(Problem): Output must consist only of the lines of the material below from the one with "This figure basically" through the one with "Mercedes-Benz USA (MBUSA)", each reproduced exactly; no pictures belong in it.

[[ Supplied information, beginning ]]

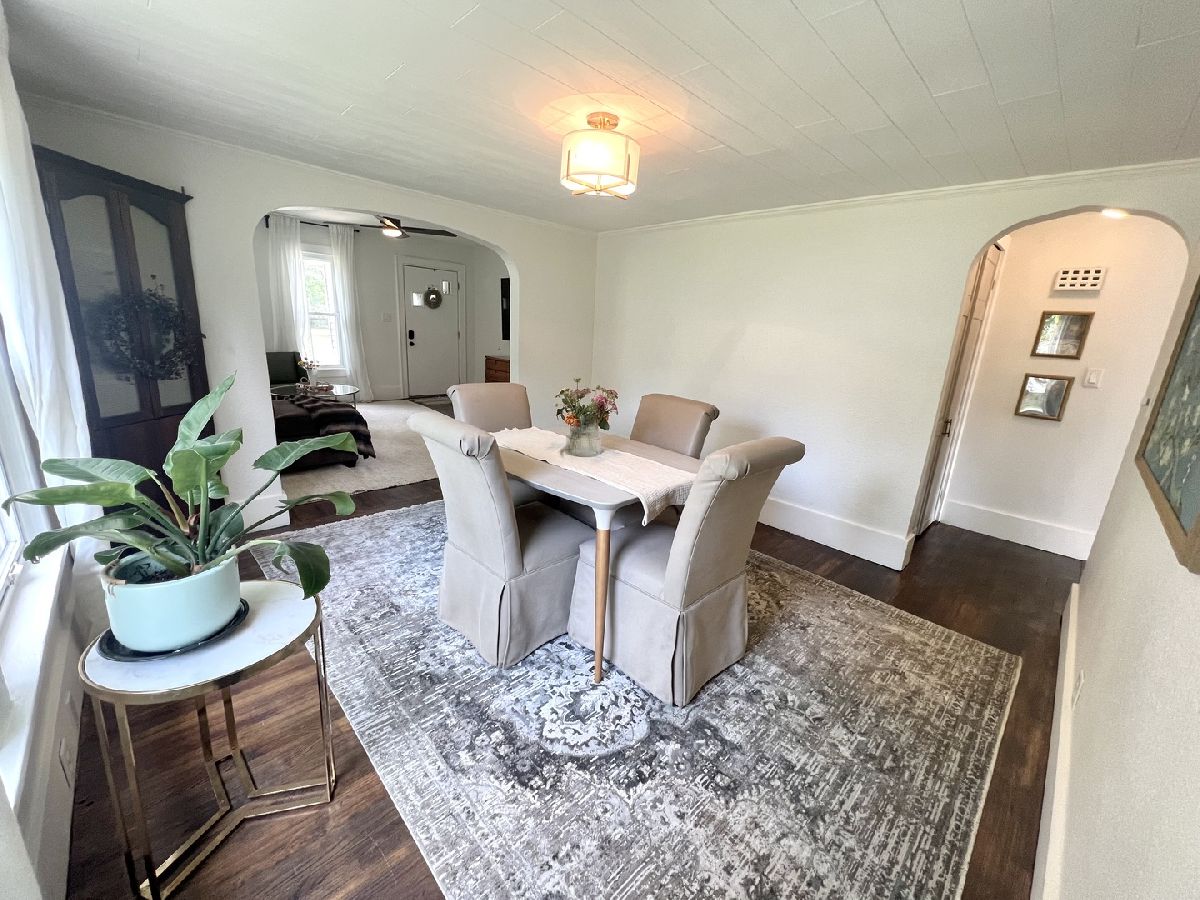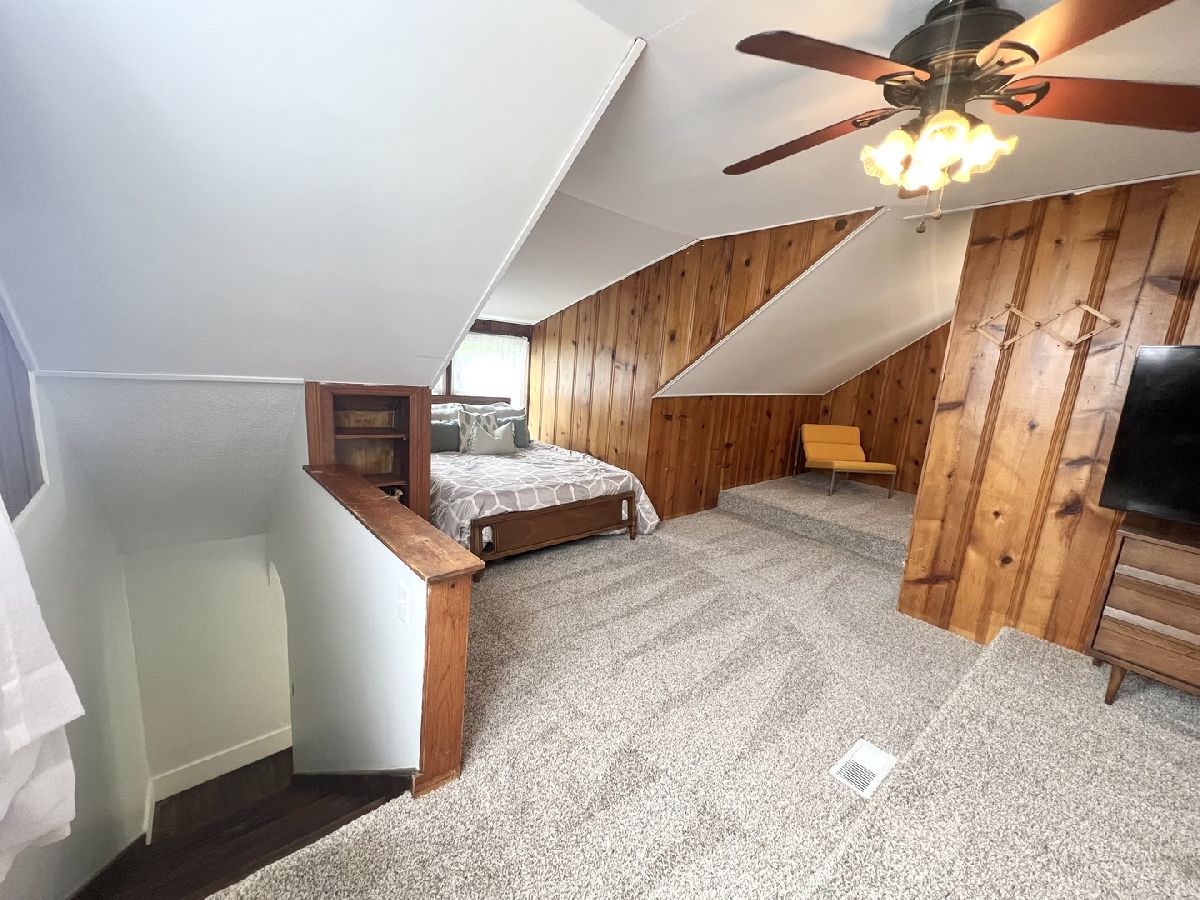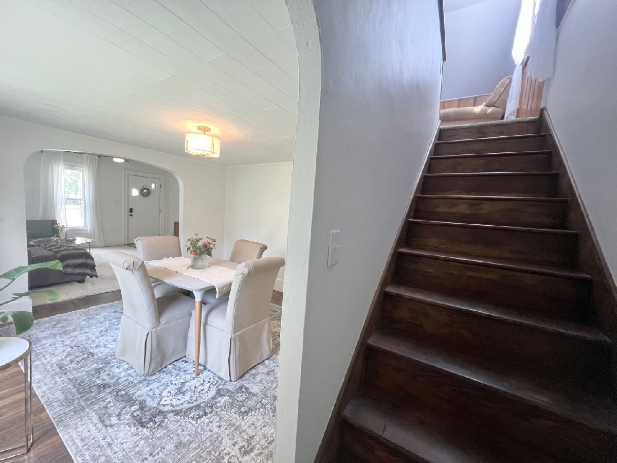 This charming bungalow has been brought back to life within the last three years!! Recently refinished Hardwood floors run through most of the living areas on the main level, which features a cozy front living room and a dining room accessible through a charming arched doorway. The eat-in kitchen offers plenty of workspace along with a center island that includes seating. Additionally, the kitchen has been updated with newly painted cabinets, butcher block countertops, new appliances, updated flooring, and new cabinet knobs and handles. The full bathroom with built-ins and fashionable tile flooring is conveniently located between two main-level bedrooms. The upstairs loft makes an ample-sized bedroom, providing a walk-in closet and plenty of space for a sitting area. Additional storage is available in the unfinished basement, which includes washer and dryer hookups, as well as in the detached two-car garage. The whole house has been freshly painted. New light fixtures, switches, and outlets have been installed throughout the home. This bungalow seamlessly blends classic charm with modern updates. Other updates to mention: Garage roof (2022), some updated plumbing, New deck, new front steps, whole house water filter & Reverse Osmosis (1 yr old), Water softener (1 yr old), Sealed asphalt Drive (2024).
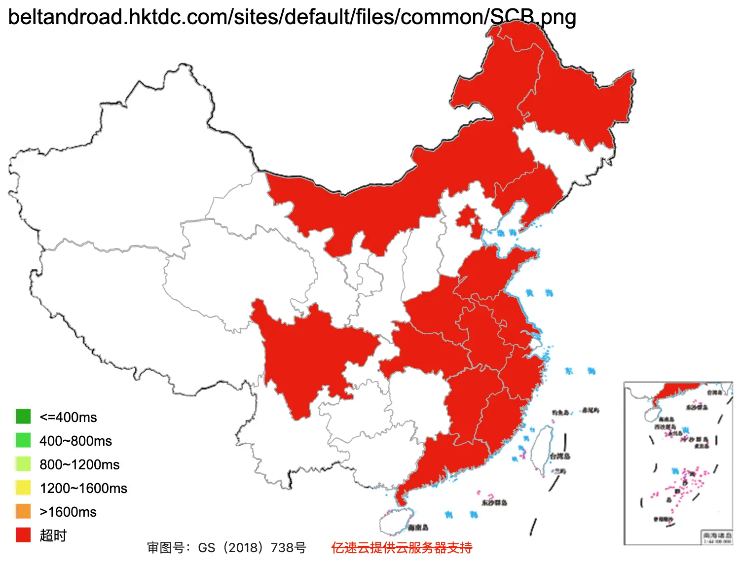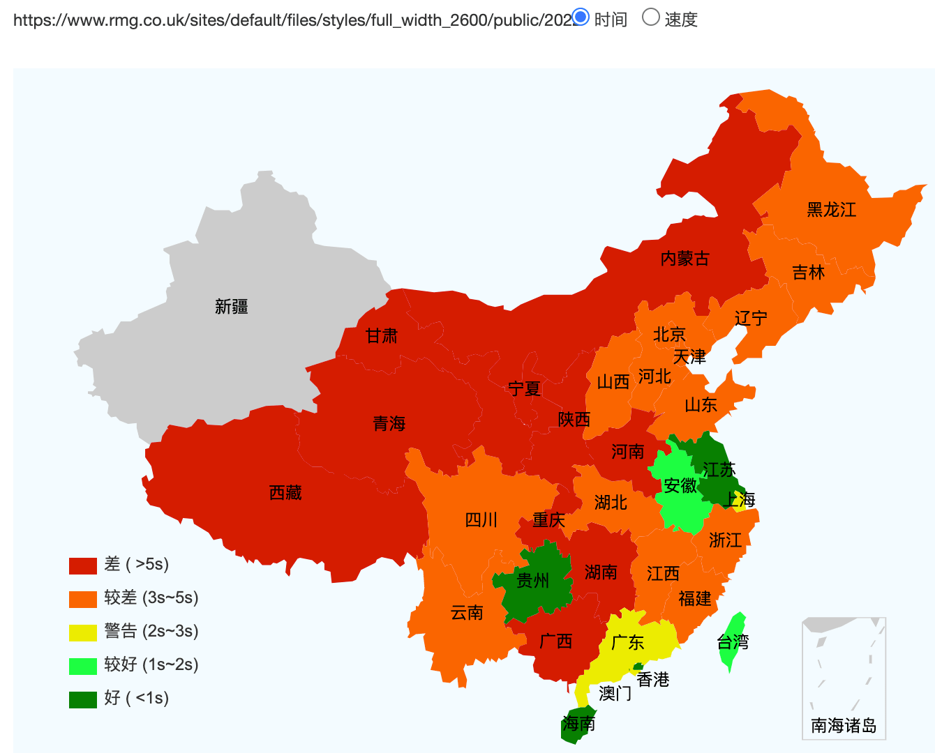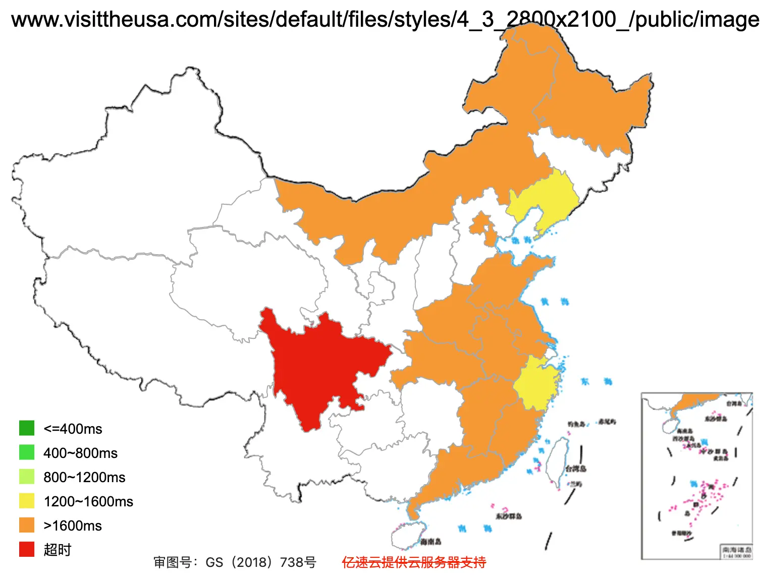 This figure basically shows how fast the website loads across Mainland China (green = fast, red=slow)
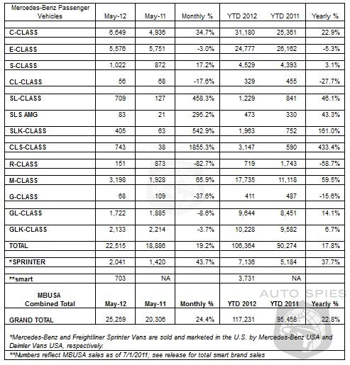 Mercedes-Benz USA (MBUSA) today reported May sales of 22,515 for its Mercedes-Benz models, a 19.2 % improvement over May 2011, delivering a year-to-date total of 106,364 new vehicles to customers, up 17.8%. Combined sales of Mercedes-Benz passenger vehicles, smart and Sprinter for the month totaled 25,259, up 24.4% bringing a year-to-date total of 117,231, up 22.8 %, making this the company's highest May on record. Sales for the month of May were led by the C-, E- and M-Class model lines. The sporty C-Class – the gateway to the Mercedes-Benz brand on the car side for younger and first-time Mercedes-Benz buyers – took the lead with sales of 6,649, up 34.7% and the 9th generation E-Class followed with sales of 5,576. MBUSA's top-selling SUV, the M-Class, rounded out the top three with sales of 3,198, up 65.9% compared to May 2011. Other strong performers were the company's popular new CLS four-door coupe which at 743 saw sales growth of 1,855.3% and the all-new SLK roadster which increased 542.9% over May 2011 with sales of 405. Also, the all-new iconic sixth generation 2013 SL roadster, debuting in showrooms this month, posted sales of 709, an increase of 458.3%, and the SLS AMG supercar retailed 83 for the month, up 295.2% over the same period last year.
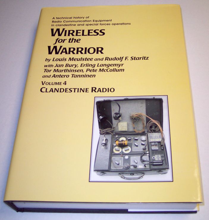 "Wireless for the Warrior - Volume 4 - Clandestine Radio" - 1991. | Ayant Louis Meulstee comme auteur en 2004, ce livre assez détaillé couvre une grande quantité de radios clandestins et est publié par Wimborne Publishing et est très garnit d'info technique et historique. Les catégories principales couvertes sont i) radios émetteurs et récepteurs, ii) matériel RDF et ensembles d'interception, iii) génératrices, iv) manipulateurs à haute vitesse, et v) materiel spécial. Il y a un avant-propos de Geoff Arnold. Le livre décrit plusieurs radios de divers pays avec les plus notables étant la Grande-Bretagne, les Etats-Unis, la Pologne, l'Allemagne et la Russie parmi tant d'autres. Malheureusement, les pages ne sont pas numérotées. |

[[ Supplied information, end ]]

(Response area):
 This figure basically shows how fast the website loads across Mainland China (green = fast, red=slow)
 Mercedes-Benz USA (MBUSA) today reported May sales of 22,515 for its Mercedes-Benz models, a 19.2 % improvement over May 2011, delivering a year-to-date total of 106,364 new vehicles to customers, up 17.8%. Combined sales of Mercedes-Benz passenger vehicles, smart and Sprinter for the month totaled 25,259, up 24.4% bringing a year-to-date total of 117,231, up 22.8 %, making this the company's highest May on record. Sales for the month of May were led by the C-, E- and M-Class model lines. The sporty C-Class – the gateway to the Mercedes-Benz brand on the car side for younger and first-time Mercedes-Benz buyers – took the lead with sales of 6,649, up 34.7% and the 9th generation E-Class followed with sales of 5,576. MBUSA's top-selling SUV, the M-Class, rounded out the top three with sales of 3,198, up 65.9% compared to May 2011. Other strong performers were the company's popular new CLS four-door coupe which at 743 saw sales growth of 1,855.3% and the all-new SLK roadster which increased 542.9% over May 2011 with sales of 405. Also, the all-new iconic sixth generation 2013 SL roadster, debuting in showrooms this month, posted sales of 709, an increase of 458.3%, and the SLS AMG supercar retailed 83 for the month, up 295.2% over the same period last year.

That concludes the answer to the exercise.